Chapter Text
The mattress was suspiciously soft.
Like, dangerously soft. The kind of soft that said, “You’ve made it in life, baby, now sleep on clouds.” Except George Russell knew he hadn’t made it. He’d gotten P3 in Miami, and that was basically a win in Mercedes terms these days.
Especially when Red Bull and fucking Verstappen were crying like wet cats trying to get his podium stripped because apparently “he rejoined unsafely” or whatever the FIA’s flavor of bullshit was this week.

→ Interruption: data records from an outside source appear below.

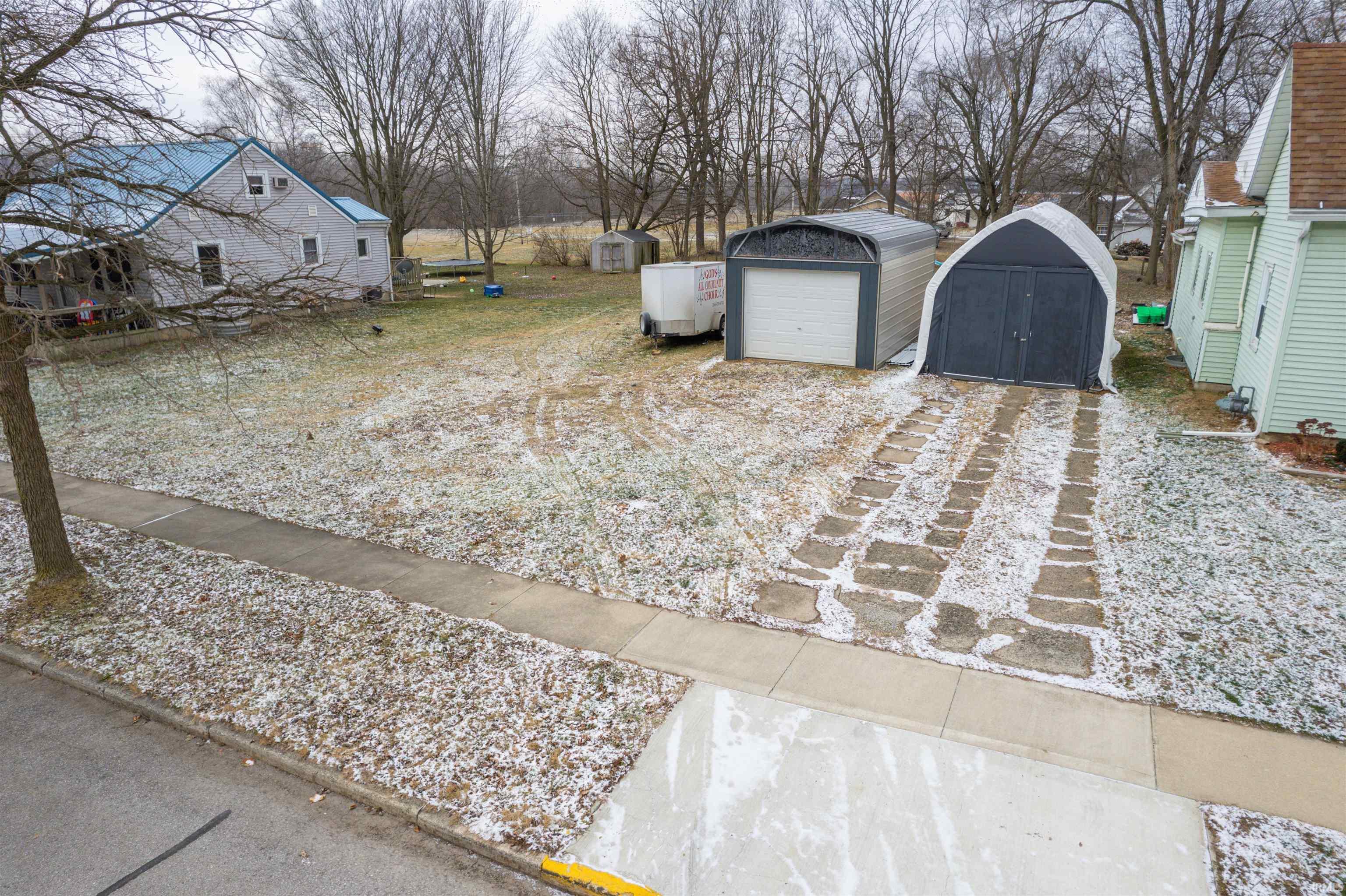 This lot has a metal quonset building that stays with the property. This building is not on a permanent structure, so is not taxed and can be moved to any location on the lot or removed. The Tent like structure does not stay and will be removed. Seller is offering this property for sale at $30,000 with the metal building or $25,000 with out. The lot can also be purchased along with the home across the street at 309 S. Maple St, or on its own.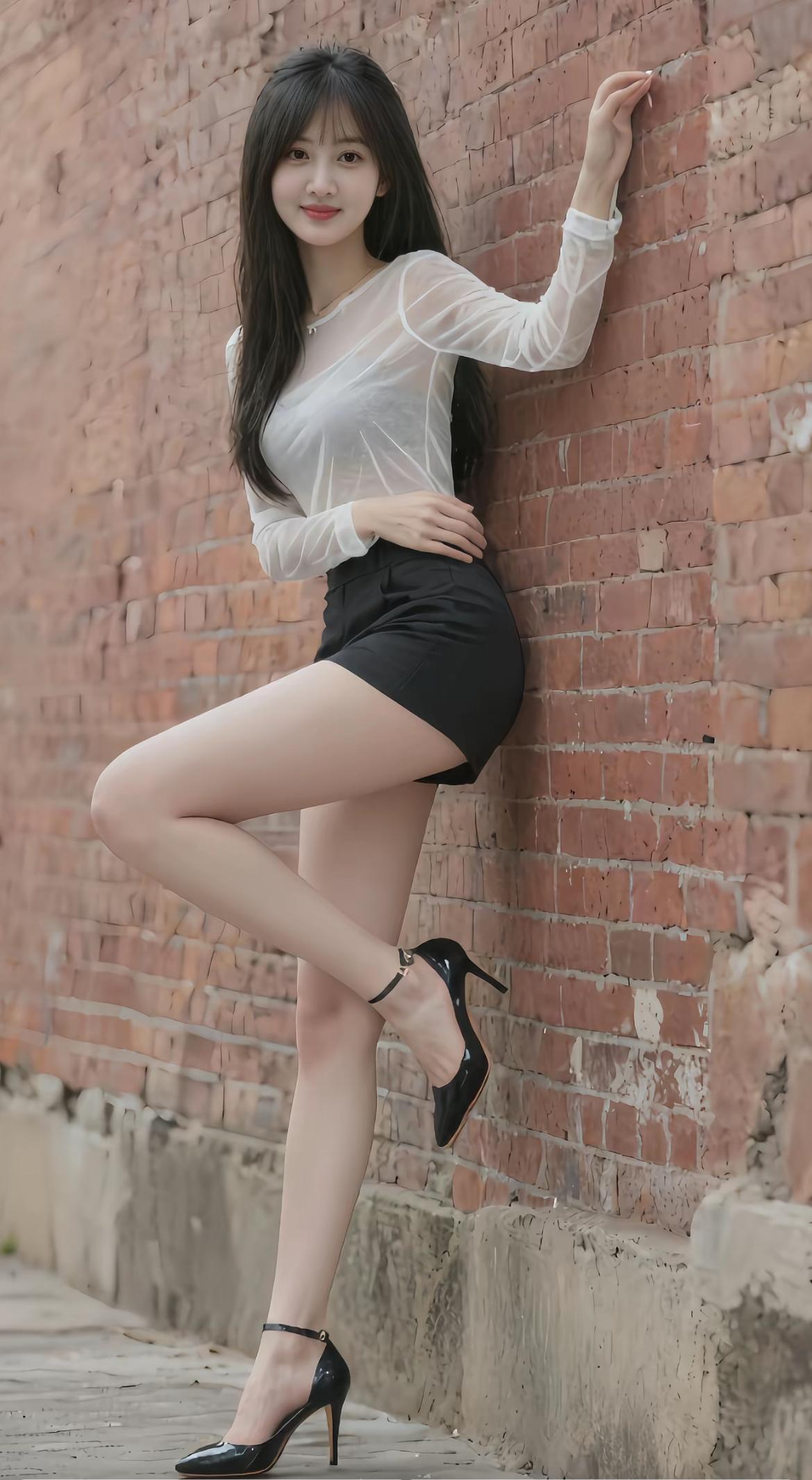 一个美女靠墙摆姿势,穿着高跟鞋。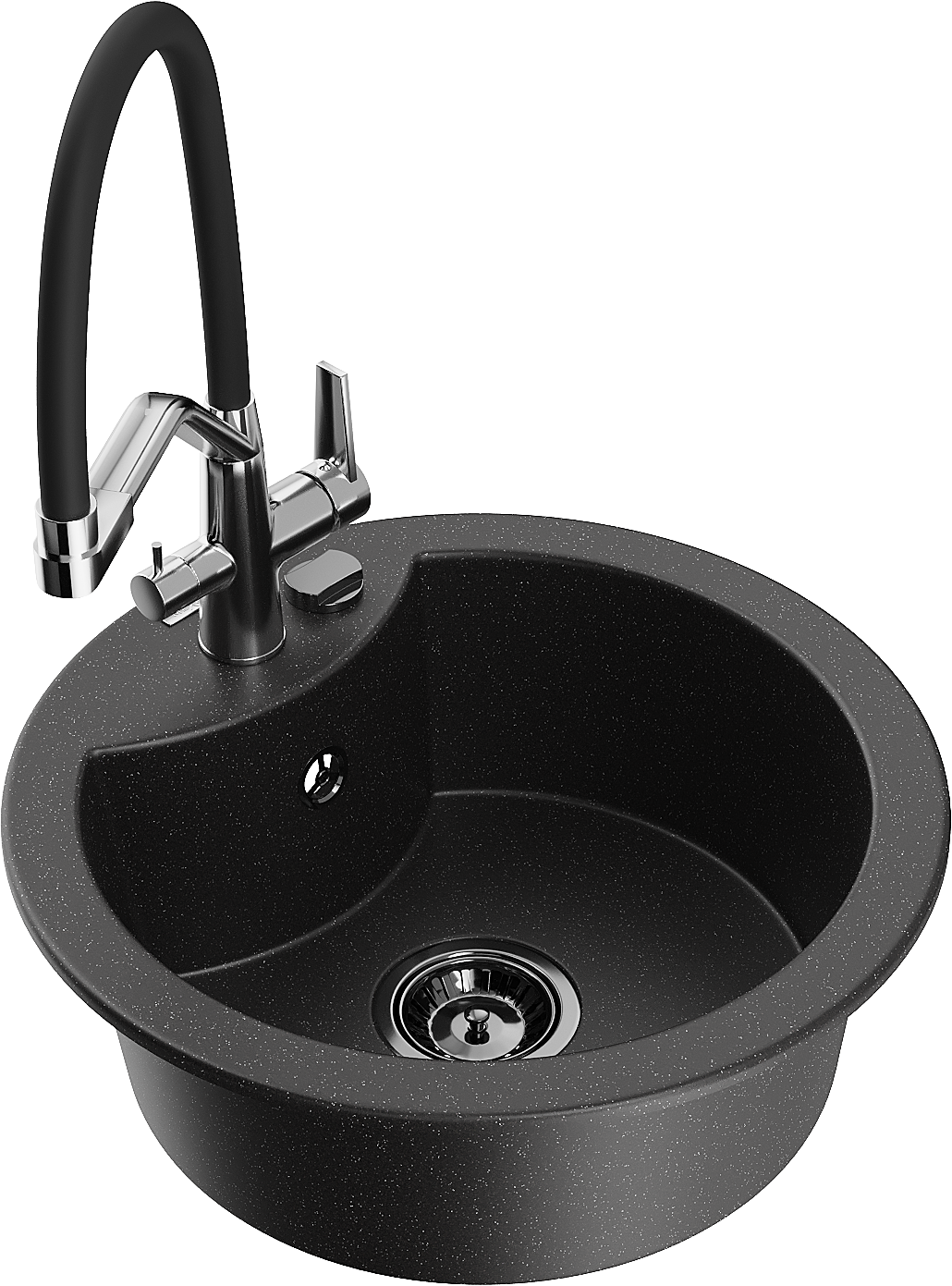 • Mexen Diego granitový dřez 1-komorový s kuchyňskou baterií Duo, černý/stříbrný metalík - 6512-73-671701-07-B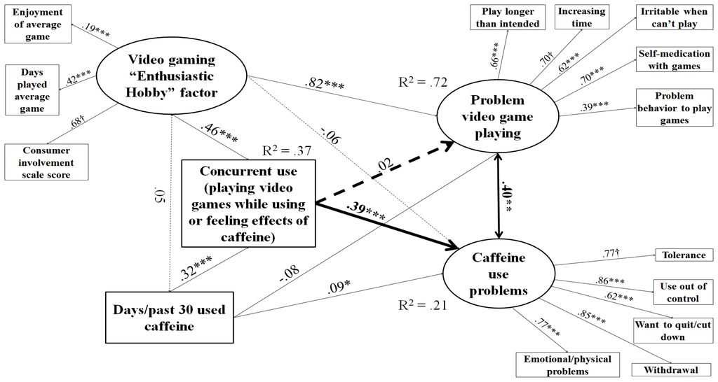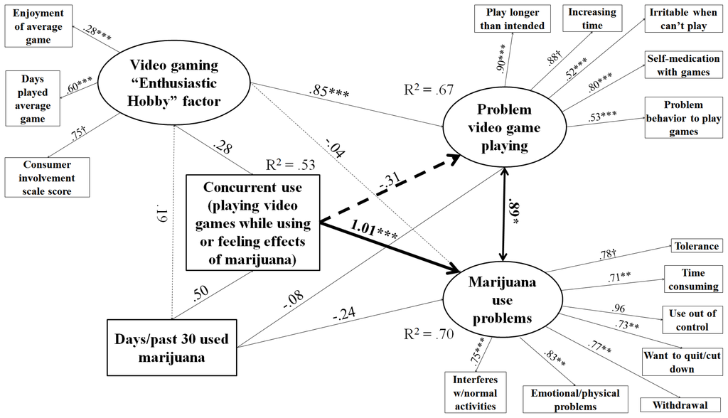 For main hypothesis tests, structural equation models were run in MPlus 6.0, separately by substance. In each model, PVP and substance use problems were continuous latent variables measured by their observed components and allowed to correlate. MPlus is capable of creating a continuous latent variable from binary observed indicators, and this was done for the five indicators of caffeine use problems and the seven indicators of each of marijuana and alcohol use problems. PVP and substance use problems were regressed over the concurrent use binary variable, the observed indicator of substance use frequency, and a latent indicator of video gaming as an enthusiastic hobby. In a separate statement, concurrent use was regressed over substance use frequency and the latent variable for video gaming as an enthusiastic hobby. Substance use frequency and the latent variable for video gaming as an enthusiastic hobby were allowed to correlate. The latent variable of video gaming as an enthusiastic hobby was measured by the observed indicators of game enjoyment, hours played, and the scale score for consumer involvement. In the last statement specifying the model, all of these variables were regressed over demographic variables, so that the structural models described below refer to effects after demographic controls. The binary variable for concurrent use was accommodated in a mediating role through theta parameterization, and post-stratification weights were accommodated using means and variance adjusted weighted least squares (WLSMV) estimation.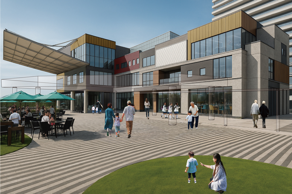 施設内にはカフェや飲食店、日常のニーズに応える量販店、金融機関、クリニックなど多様なサービスを提供する。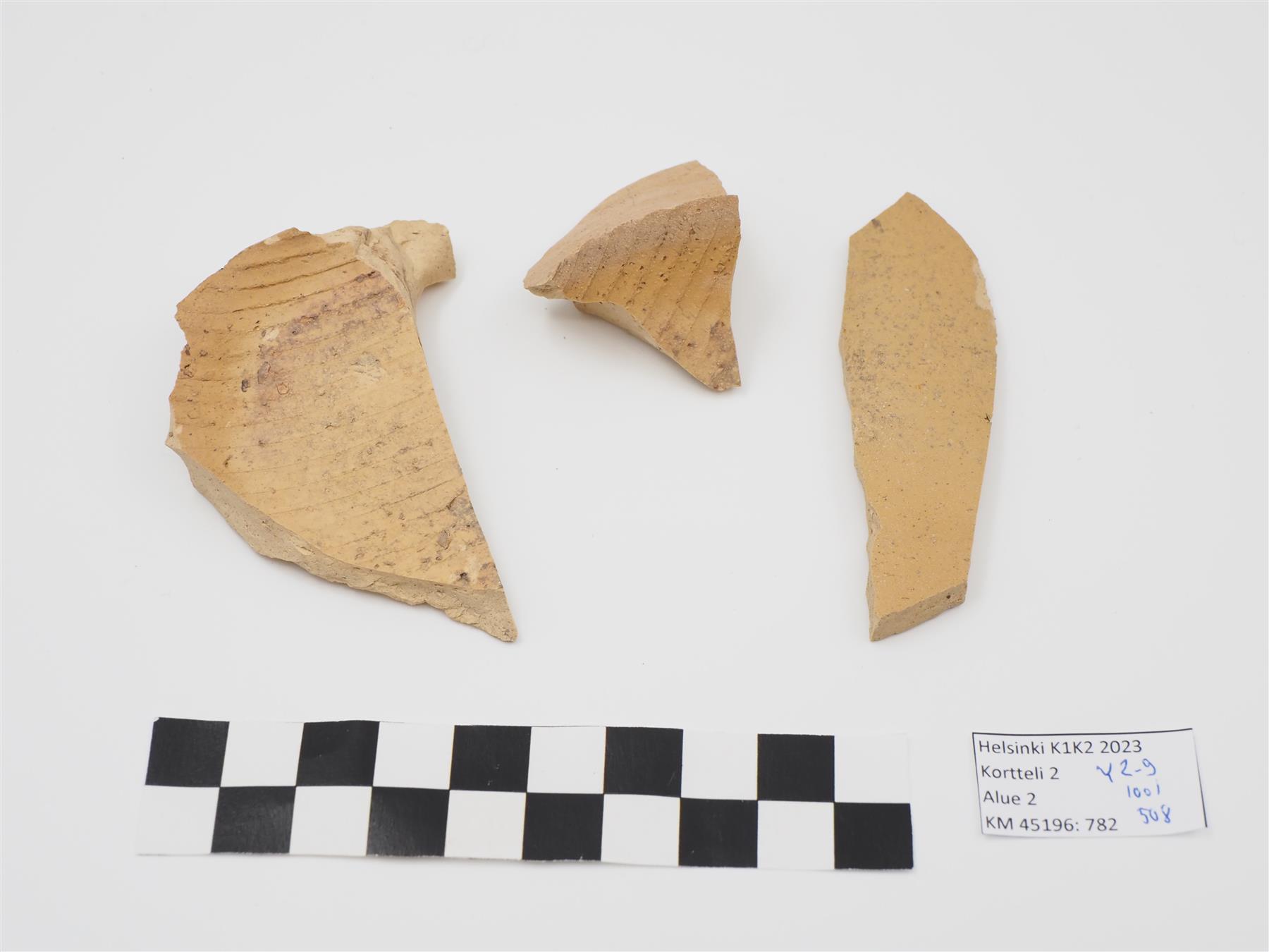 | Kivisaviastian kylkipala ja kaksi pohjapalaa samasta astiasta. Sisäpinta lasittamaton, ulkopinnalla väritön lasite. Sisäpinnalla ja -pohjassa dreijauksen jälkiä, ulkopohjassa rihlausta. | |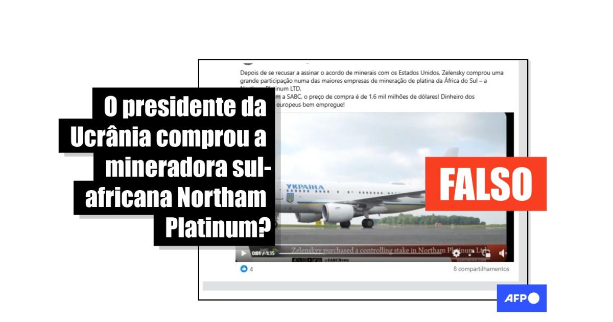 Sherilee Lakmidas, porta-voz da Northam Platinum, afirmou à AFP em 7 de abril de 2025: “Todos os artigos, vídeos e publicações em redes sociais que afirmam que o presidente ucraniano, Volodimir Zelensky, está adquirindo uma participação na Northam Platinum são notícias falsas”.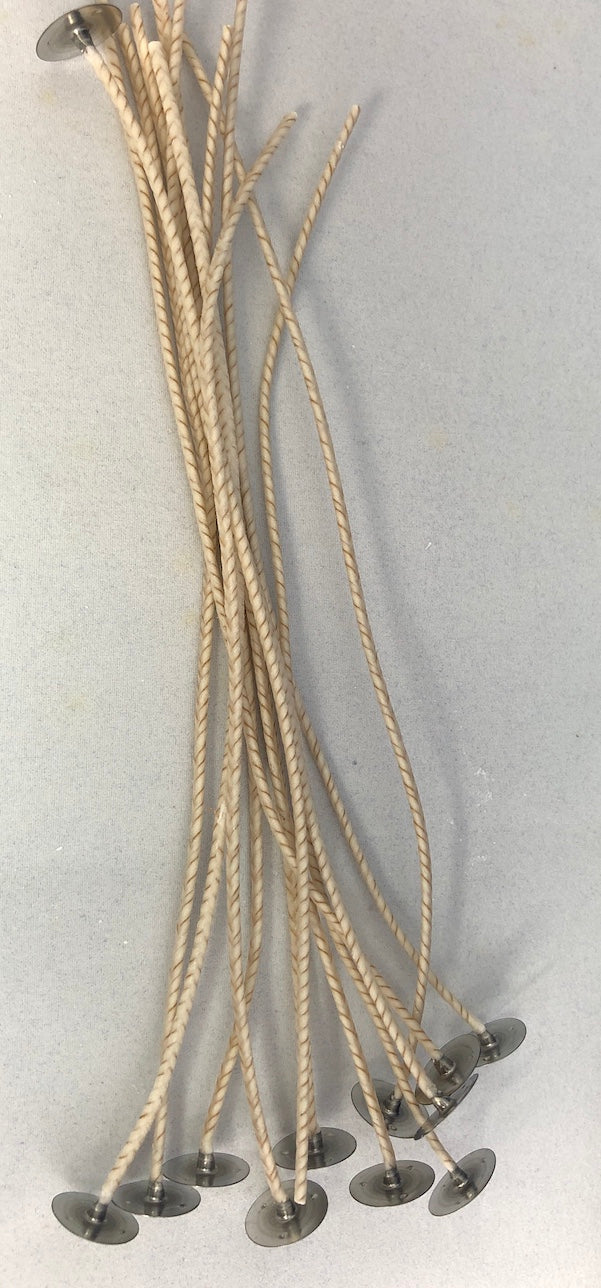 Waxed wicks with a foot for candles with a diameter of approximately 6-7 cm. Wick height 15 cm.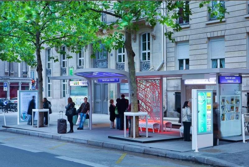 作为巴黎公交车站和地铁站改造计划的一部分,Osmose Bus Stop超越了原有功能,为当地居民提供智慧服务。位于巴黎狄德罗大道(Boulevard Diderot)的Osmose Bus Stop是巴黎“未来巴士站”中的一个,它位于昼夜公交线路的十字路口,每天约有15000名乘客。它不仅仅是一个专用于公共汽车的等候区,更是一个智慧化的生活空间:交互式触摸屏可以浏览地图、查看巴士实时信息、购买活动门票、查找当地企业和服务等,服务区还提供借阅图书、电动自行车自助充电、手机充电、无线WiFi等休闲功能。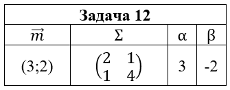 • Задача 12. Случайный вектор (ξ,η) распределен по нормальному закону N(m;Σ). Выписать функцию плотности pξ,η(x,y) и найти: 1) маргинальные плотности pξ(x) и pη(y); 2) условные плотности pξ(x|y) и pη(y|x); 3) коэффициент корреляции ρξ,η; 4) плотность случайной величины ζ=αξ+βη. Построить графики найденных функций и эллипсы рассеяния.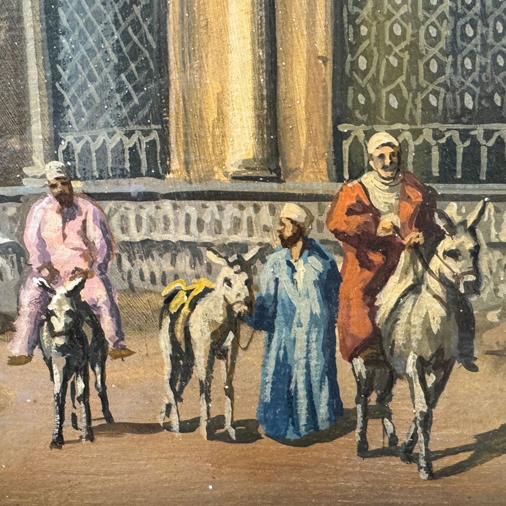 Dipinto tempere su carta, periodo inizio XX secolo scuola Italiana, raffigurante Scena orientale. Dimensioni interno cornice: 24x30 cm. Reca firma in basso a sinistra da De Gregorio (artista non identificato).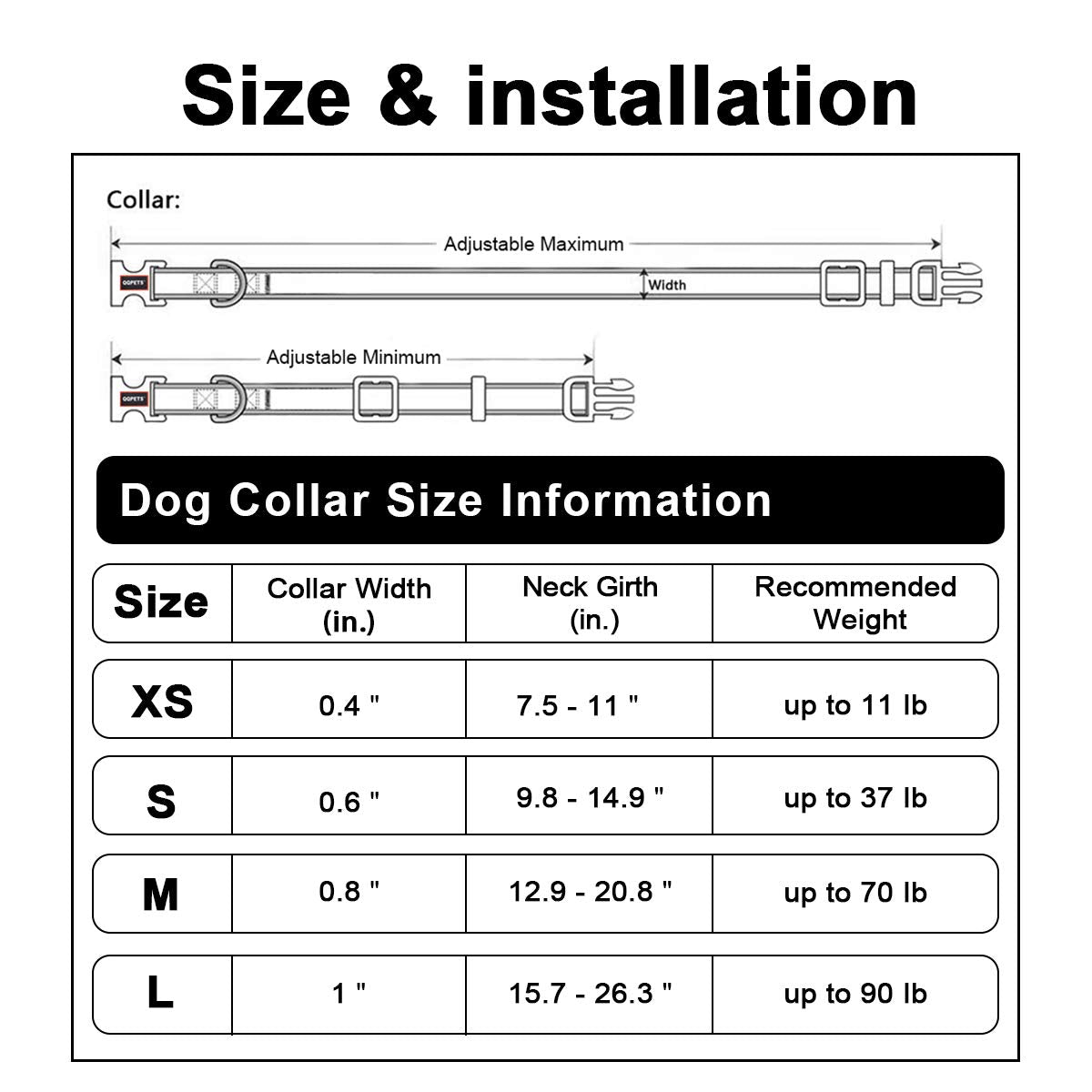 - 4 SIZES COULD CHOOSESmall size is 0.6 inch width, and the Neck is 9.8"-14.9". Medium size is 0.8 inch width, and the Neck is 12.9"-20.8". Large size is 1 inch width, and the Neck is 15.7"-26.3". Please measure size before purchase.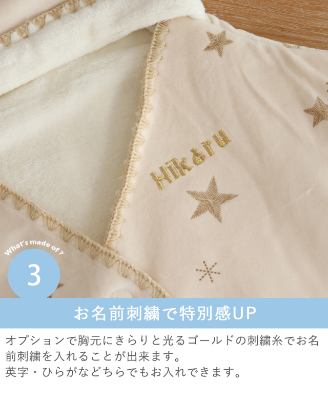 オプションで胸元にきらりと光るゴールドの刺繍糸でお名前刺繍を入れることが出来ます。

But he still got it. Ha. Suck it, Verstappen.
Anyway.
George stirred slightly, groaning because—ow—his entire body felt like it had been curb-stomped by a freight train. Left leg- pain. Right hand- throbbing. Head- cloudy. Mouth- dry like sandpaper. Something smelled like vanilla, baby shampoo and—
Wait.
Where was the moldy scent of his Monaco flat? The pile of laundry he’d promised to do three weeks ago? The half-unpacked race bag he’d dumped in the hallway? WHERE was the aggressively hideous modern art painting he’d bought on a drunken whim?
This room was… wrong.
Like very wrong.
Soft lighting, warm tones, the faint hum of city life too far below the window, George’s eyes flew open.
“Wha—?”
It was not his room. It was a penthouse. A very nice, very un-George penthouse. The room alone looked like half his entire flat's area.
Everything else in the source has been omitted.